[Stored data entries]
● ● ●

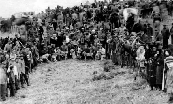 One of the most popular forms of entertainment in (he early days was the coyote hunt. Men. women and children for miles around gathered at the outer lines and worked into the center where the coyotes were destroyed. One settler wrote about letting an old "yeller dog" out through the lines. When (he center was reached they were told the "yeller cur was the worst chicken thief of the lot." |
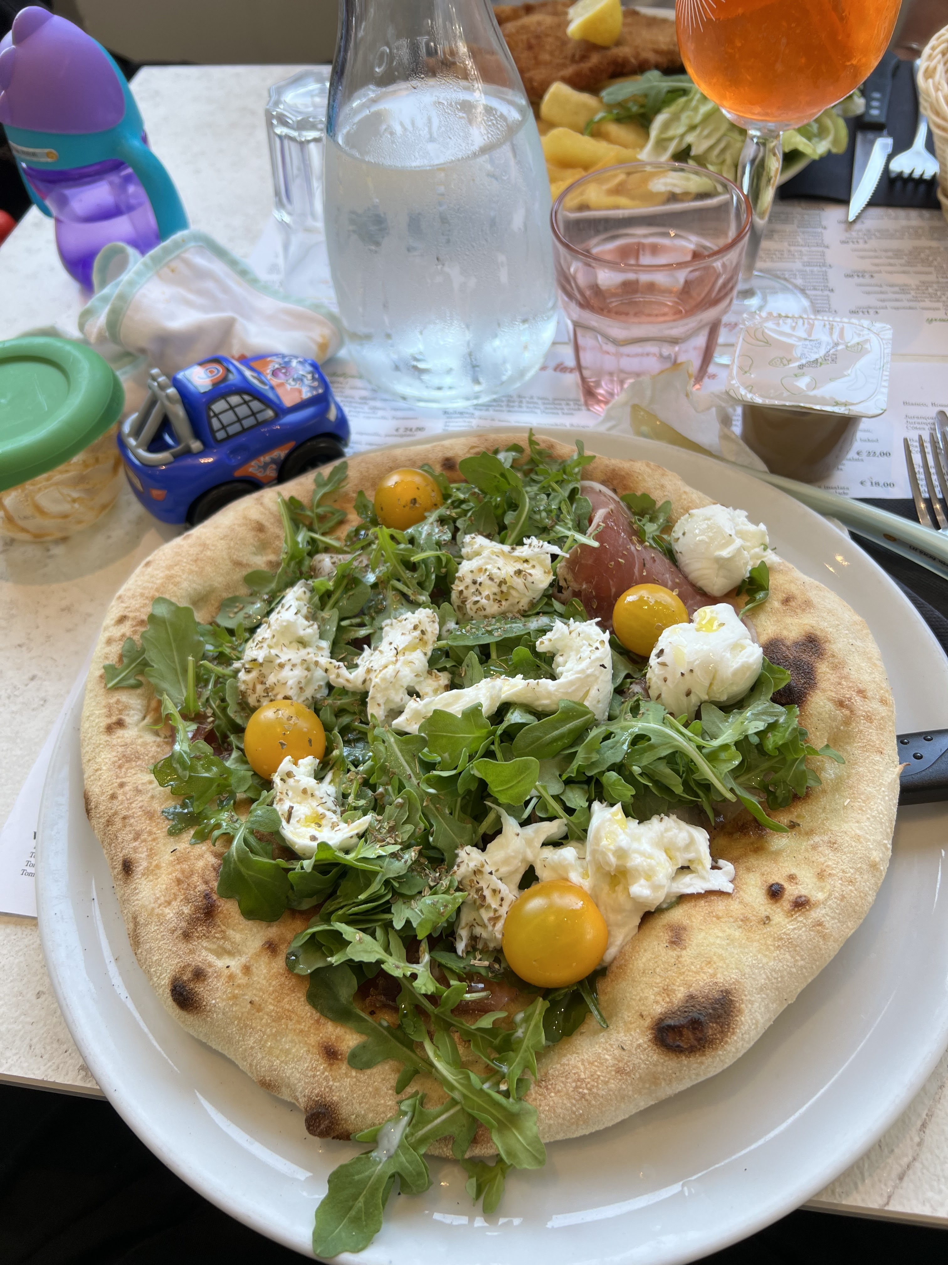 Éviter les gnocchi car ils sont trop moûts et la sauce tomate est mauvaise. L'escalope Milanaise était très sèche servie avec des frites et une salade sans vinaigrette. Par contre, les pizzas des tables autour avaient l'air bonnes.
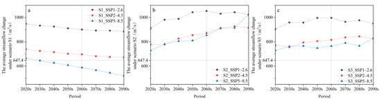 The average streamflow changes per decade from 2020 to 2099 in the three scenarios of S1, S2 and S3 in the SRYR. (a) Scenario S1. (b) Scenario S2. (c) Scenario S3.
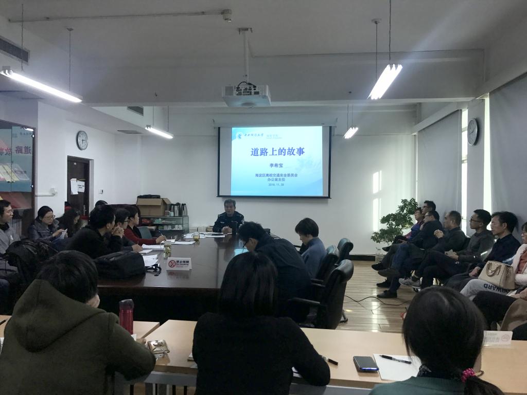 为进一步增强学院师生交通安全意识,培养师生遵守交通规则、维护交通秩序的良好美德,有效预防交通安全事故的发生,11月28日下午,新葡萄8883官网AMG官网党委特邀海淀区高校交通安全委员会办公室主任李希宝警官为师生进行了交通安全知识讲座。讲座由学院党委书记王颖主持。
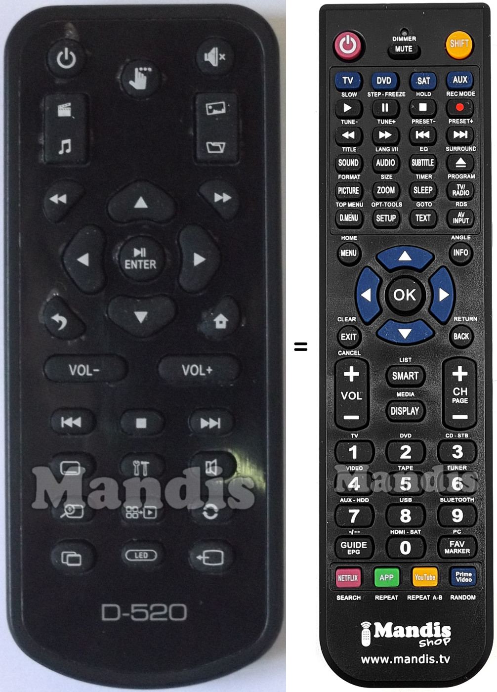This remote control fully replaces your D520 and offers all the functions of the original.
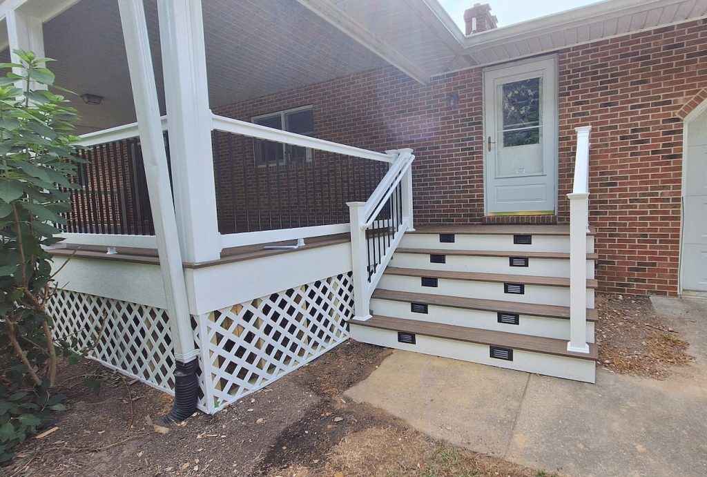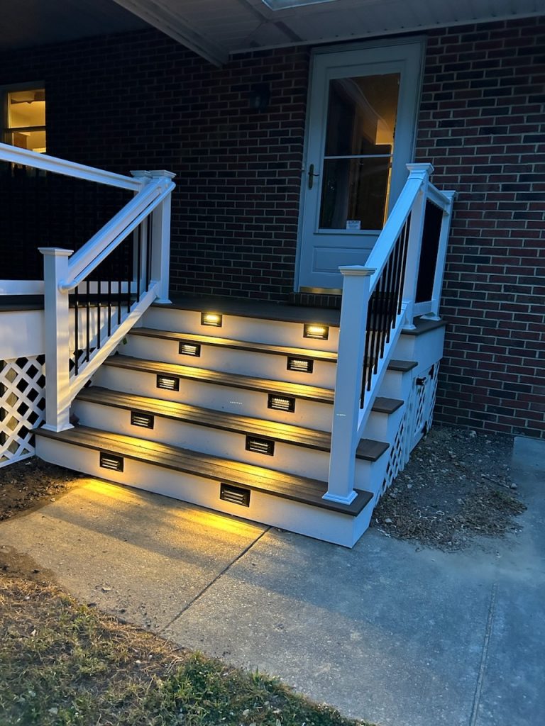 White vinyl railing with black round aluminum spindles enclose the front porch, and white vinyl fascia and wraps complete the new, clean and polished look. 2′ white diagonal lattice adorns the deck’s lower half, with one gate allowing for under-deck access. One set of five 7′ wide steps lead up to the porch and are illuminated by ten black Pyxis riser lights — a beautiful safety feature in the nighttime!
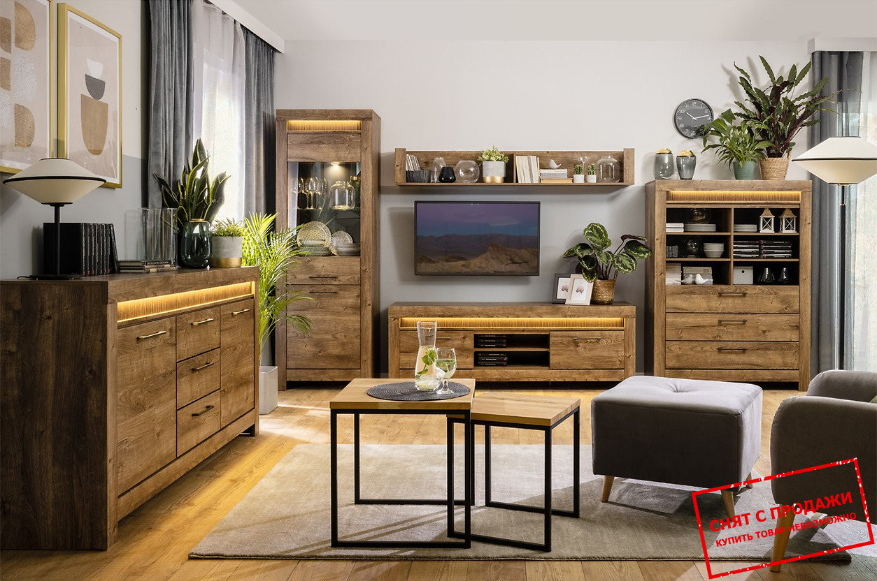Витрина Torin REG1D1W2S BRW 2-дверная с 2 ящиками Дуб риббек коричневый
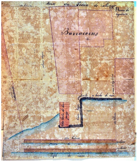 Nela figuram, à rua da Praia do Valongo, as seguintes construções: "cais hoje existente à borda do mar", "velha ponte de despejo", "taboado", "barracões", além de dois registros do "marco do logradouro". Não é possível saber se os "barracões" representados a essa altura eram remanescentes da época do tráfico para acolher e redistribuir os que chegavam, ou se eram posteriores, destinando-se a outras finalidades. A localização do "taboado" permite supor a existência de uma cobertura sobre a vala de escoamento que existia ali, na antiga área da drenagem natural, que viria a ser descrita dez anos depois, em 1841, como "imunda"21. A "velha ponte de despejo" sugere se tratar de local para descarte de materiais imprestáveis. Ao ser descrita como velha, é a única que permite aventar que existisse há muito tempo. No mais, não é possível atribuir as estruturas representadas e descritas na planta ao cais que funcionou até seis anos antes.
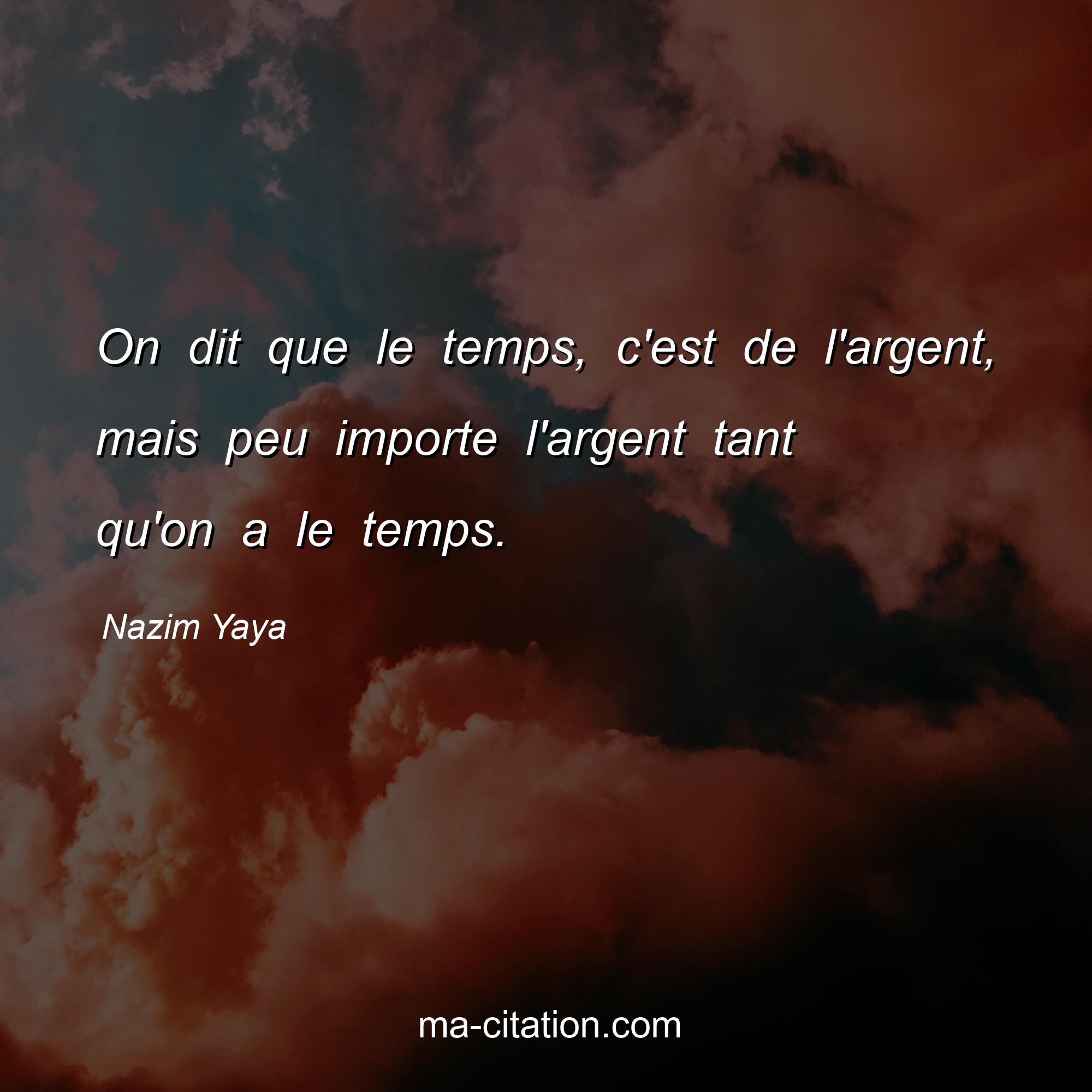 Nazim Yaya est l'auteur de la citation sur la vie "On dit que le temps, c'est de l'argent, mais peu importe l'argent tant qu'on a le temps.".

● ● ●

Exercise:
The response must repeat exactly the lines above from the one with "为进一步增强学院师生交通安全" through the one with "This remote control", including both, and must contain no pictures and no other text.

Reply:
 为进一步增强学院师生交通安全意识,培养师生遵守交通规则、维护交通秩序的良好美德,有效预防交通安全事故的发生,11月28日下午,新葡萄8883官网AMG官网党委特邀海淀区高校交通安全委员会办公室主任李希宝警官为师生进行了交通安全知识讲座。讲座由学院党委书记王颖主持。
This remote control fully replaces your D520 and offers all the functions of the original.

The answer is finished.